Does this make sense?

So did you meaning tungstenite uses "R+W" as the shared interface? What the difference with implementing reader/writer for "R+W+S" normally and use a wrapper? Or the difference is in the wrapper? I'm still confused about this.
tokio-tungstenite uses some tokio-specific mechanism to handle WouldBlock errors, then why async-tungstenite can be runtime-irrelevant? By just letting WouldBlocks alone? Even in its tokio and async-std compat codes, I found no relevant code to handle WouldBlocks, there are only some wrapper functions for the respective TcpStream.

Seems there is also no relevant code to handle WouldBlocks in tokio-tungstenite, so the magic happends inside the tokio runtime and tokio-tungstenite can rely on it? What the situation of other runtimes?

Because async-tungstenite is not runtime-irrelevant. It has a tokio file with Tokio-specific things and an async-std file with async-std specific things.

You just missed it.

In tokio-tungstenite, when Tokio returns a Poll::Pending from its TcpStream, its converted to a WouldBlock error in src/compat.rs like this:

Poll::Pending => Err(std::io::Error::from(std::io::ErrorKind::WouldBlock))

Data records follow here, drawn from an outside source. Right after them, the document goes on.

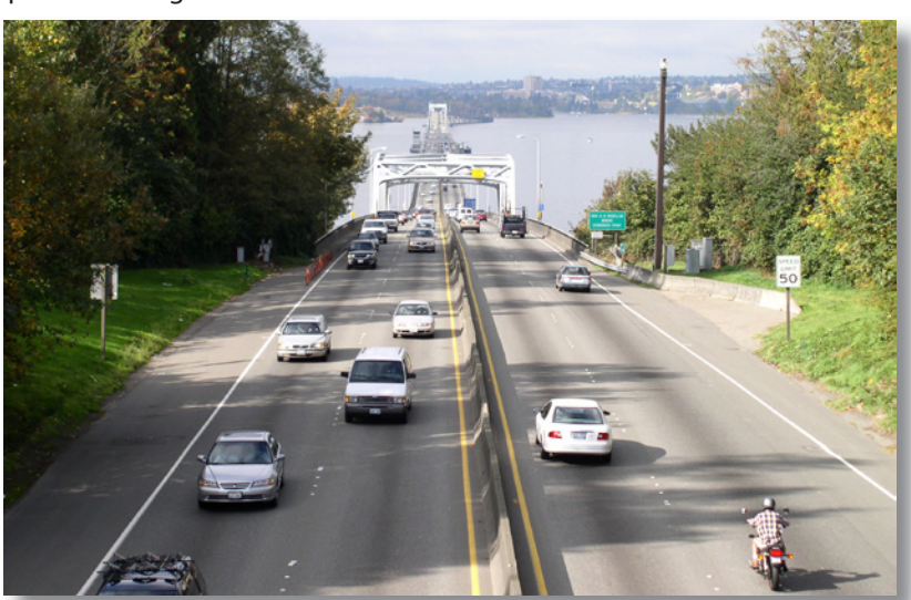
Toll revenue is essential to rebuilding and expanding SR 520.

gional Council (PSRC) evaluation of pricing strategies. Building on the Traffic Choices Study - an experiment involving over 275 households and over 400 vehicles using road use fees that differentiated between time of day and location using a GPS-based tolling system – PSRC is developing scenarios and using modeling to determine whether and how pricing can reduce traffic congestion and raise revenue for new investment.
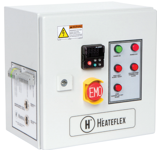
Temperature Controls in Compact Enclosure
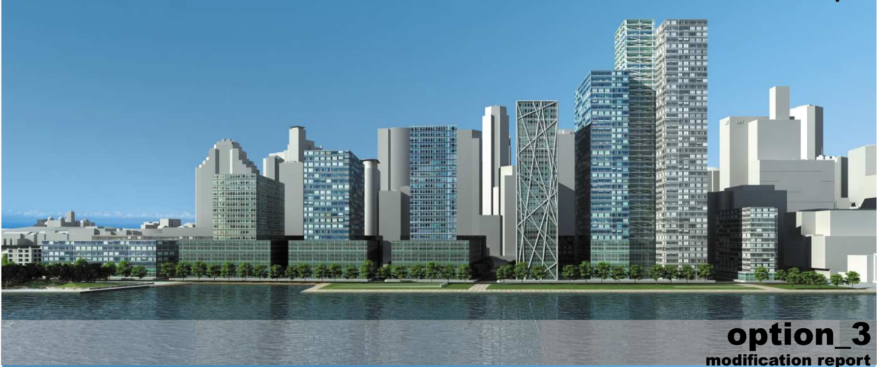
option_3 modification report
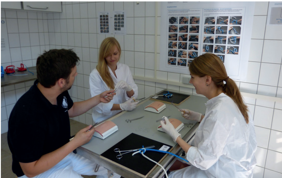
Figure 1. Students learning to suture and tie knots using simple models in the clinical skills laboratory at the University of Veterinary Medicine Hannover, Germany.

A growing array of models and simulators have been developed by veterinary educators (Scalese and Issenberg, 2005; Baillie, 2007; Fox et al. , 2013; Gerke, et al. , 2015). These are often housed in a purpose built room or centre, the clinical skills laboratory (Figure 1), which provides a venue for teaching practical sessions and a place where students can practise repeatedly and develop proficiency in a safe environment. Ideally students should be able to customise their learning and address any deficiencies in a timely manner, for example it is helpful to be able to practise suturing and knot tying on models prior to a surgery rotation. Clinical skills laboratories are often used to run assessments (May and Head, 2010) providing an ideal venue for an objective structured clinical examination (OSCE) circuit (Figure 2). Equipping students with both practical and clinical skills prior to working with live animals will also promote animal welfare.
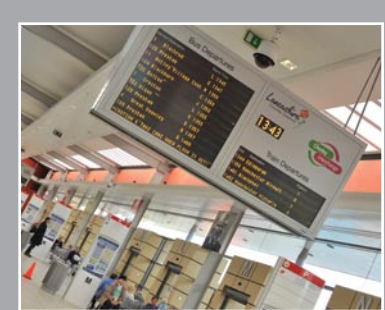
Chorley Interchange within 2 minutes
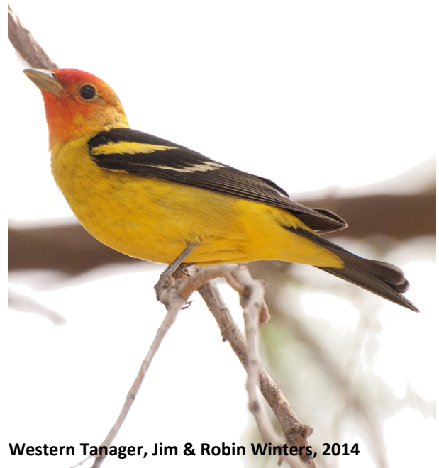
Western Tanager

Then, that error goes through tungstenite, which then gives it back to tokio-tungstenite in several places in src/lib.rs. Those places can be found by searching for cvt, since it uses the following utility function:

pub(crate) fn cvt<T>(r: Result<T, WsError>) -> Poll<Result<T, WsError>> {
    match r {
        Ok(v) => Poll::Ready(Ok(v)),
        Err(WsError::Io(ref e)) if e.kind() == std::io::ErrorKind::WouldBlock => {
            trace!("WouldBlock");
            Poll::Pending
        }
        Err(e) => Poll::Ready(Err(e)),
    }
}

To be clear, the actual pause/resume handling happens in tungstenite. The tokio-tungstenite and async-tungstenite crates are just wrapper crates.

The difference between implementing "R+W+S" normally and doing what I suggested, or what tungstenite is doing, is that your code must work even if the R+W+S gives you a WouldBlock error.

So that's it, I thought that code using tokio's mechanism must have accessed tokio's runtime code, and that that code just left WouldBlocks alone. Or instead of tokio's mechanism, it's more like tungstenite's internal mechanism. Now I probably understand what WouldBlock means and where the difference is as mentioned before.
One thing I didn't mention earlier is that tokio-tungstenite has another wrapper outside of AllowStd, which is the key to it being able to provide async interfaces outside. Without this, it is not possible to directly convert sync operations to async. So if I want to be compatible with both synchronous and asynchronous contexts, I have to end up with such this wrapper in my code and provide the "AR+AW+AS" interface outside.
In addition, is it possible to implement a generic async-io-compat or something similar that provides an "AR+AW+AS" interface when the internal "R+W+S" code handles the WouldBlock case?

Yes, that should be possible.

I just realized that the tokio_util::codec module provides an excellent example of how you might implement what I described earlier. Basically the way the module works is that you provide an implementation of the Encoder/Decoder traits. Then, the codec module can convert that into an AsyncRead/AsyncWrite for you. The Encoder/Decoder traits are designed such that it would be easy to write a converter from Encoder/Decoder to Read/Write as well.

If you look at the traits, you will notice that they work solely by modifying byte arrays, and that the Encoder/Decoder does not touch any IO traits. (They use the bytes crate for the byte array types.)

See the examples in the module documentation linked above for an explanation of how it works.